Financial PDFs are a nightmare. Tables span multiple pages. Headers get repeated or disappear entirely. Some documents use commas for thousands separators, others use spaces. And don’t get me started on the “see notes” references that break your parsing logic.

I needed a better solution. So I started experimenting with LLMs.

The Traditional Approach (And Why It Fails)

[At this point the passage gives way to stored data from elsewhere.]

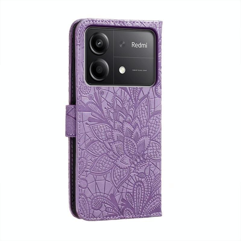 Για Xiaomi Redmi Note 13R Pro Lace Flower ανάγλυφο Flip υπόθεση τηλεφώνου δέρμα (μωβ)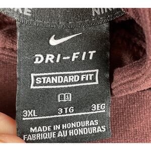 This Nike Training Therma hoodie is a 3XL burgundy pullover sweatshirt with a high neck, drawstring closure, and long sleeves. Made of polyester, it features a relaxed fit, hood, and logo accents. Ideal for cross-training in winter or summer, this machine-washable hoodie includes pockets and is designed for big and tall men.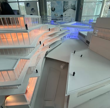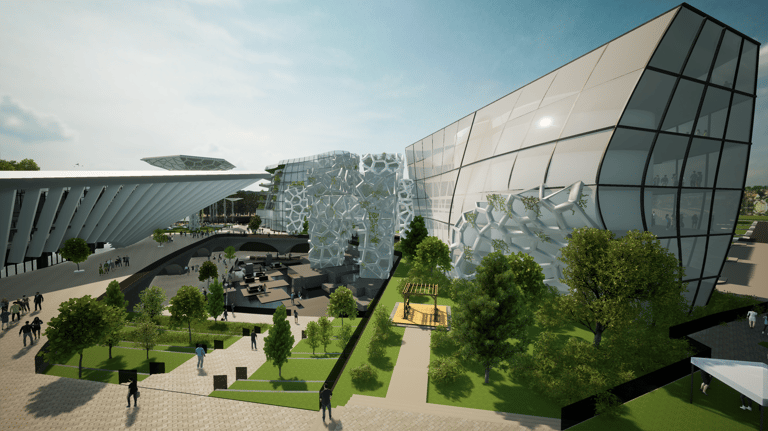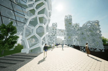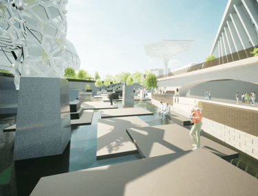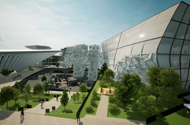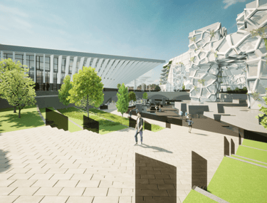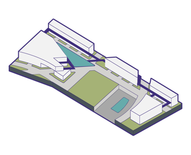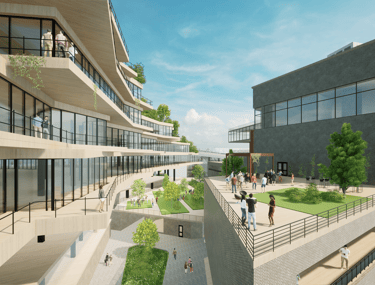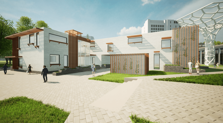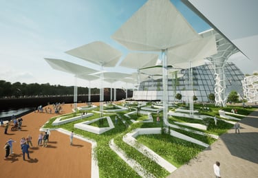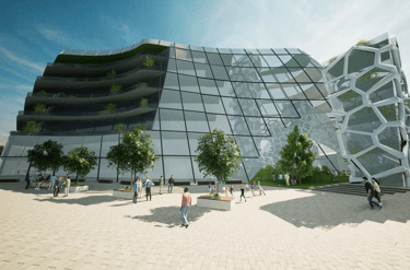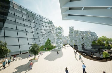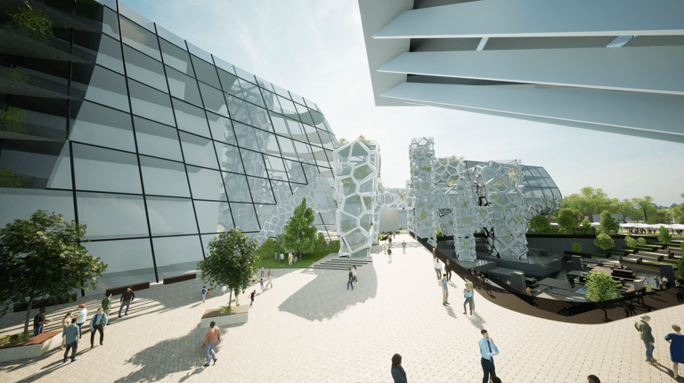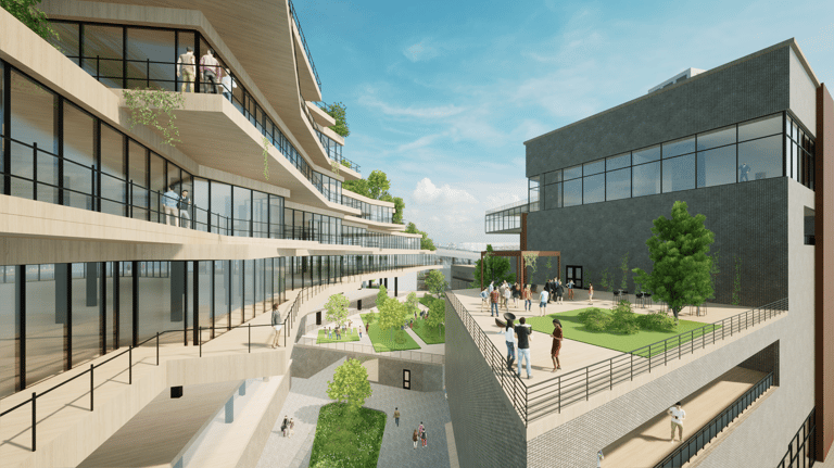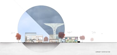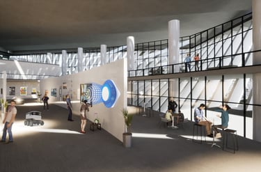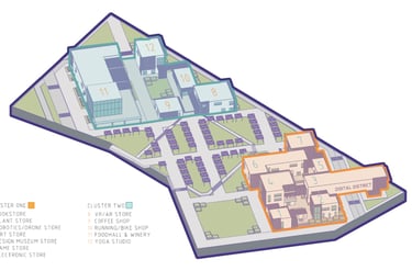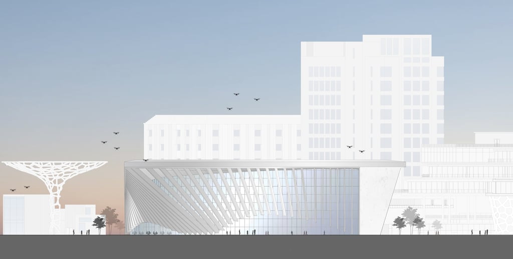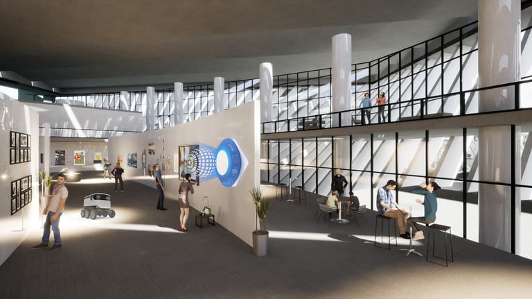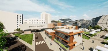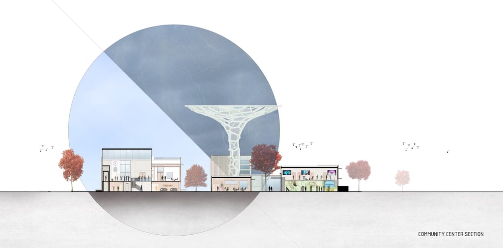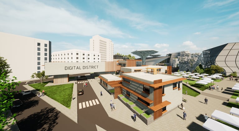The Community Center at the Digital District offers a dynamic environment with a variety of engaging spaces. The center's aim is to provide an indoor and outdoor experience that encourages visitors to stay and explore. Across twelve different buildings, guests can find interactive spaces focused on innovation and well-being. The innovation aspect of the Community Center includes programs related to robotics, drones, VR/AR, electronics, video games, and design knick-knacks. In contrast, the well-being section emphasizes activities like integrating plants, running, biking, yoga, art, books, and coffee. Each interactive space features a retail shop where visitors can purchase innovative or well-being products or services, and also learn more about them. Additionally, the Community Center boasts a large food hall and winery, which serve as central gathering spots in the Digital District, uniting the community through food, drinks, and social spaces.

Let me show you what I was dealing with. Here’s a typical financial statement PDF:

Q3 2024 Financial Report
Revenue $12,345,678
Cost of Goods Sold (8,234,567)
Gross Profit -----------
$4,111,111
Operating Expenses:
Marketing $1,234,567
R&D 987,654
G&A 456,789
-----------
Total OpEx $2,678,910

My initial approach used pdfplumber with regex:

extract_financial.py
import pdfplumber
import re
def extract_financial_data(pdf_path):
results = {}
with pdfplumber.open(pdf_path) as pdf:
for page in pdf.pages:
text = page.extract_text()
# Try to find revenue
revenue_match = re.search(r'Revenue\s+\$?([\d,]+)', text)
if revenue_match:
results['revenue'] = revenue_match.group(1).replace(',', '')
# Try to find costs
cost_match = re.search(r'Cost.*?\$?([\d,]+)', text)
if cost_match:
results['cost'] = cost_match.group(1).replace(',', '')
return results

This worked great for the first ten PDFs. Then I hit the edge cases:

  • One PDF had “Revenue (USD)” instead of just “Revenue”
  • Another used parentheses for negative numbers: (8,234,567) instead of -8,234,567
  • A third had the numbers in a table that pdfplumber couldn’t parse correctly
  • Yet another had footnotes: Revenue $12,345,678¹

My accuracy plummeted to 60%. I was spending more time writing exceptions than extracting data.

Enter LLMs

I was skeptical. “As much as I hate it,” I thought, “this is probably a task where LLMs can shine.”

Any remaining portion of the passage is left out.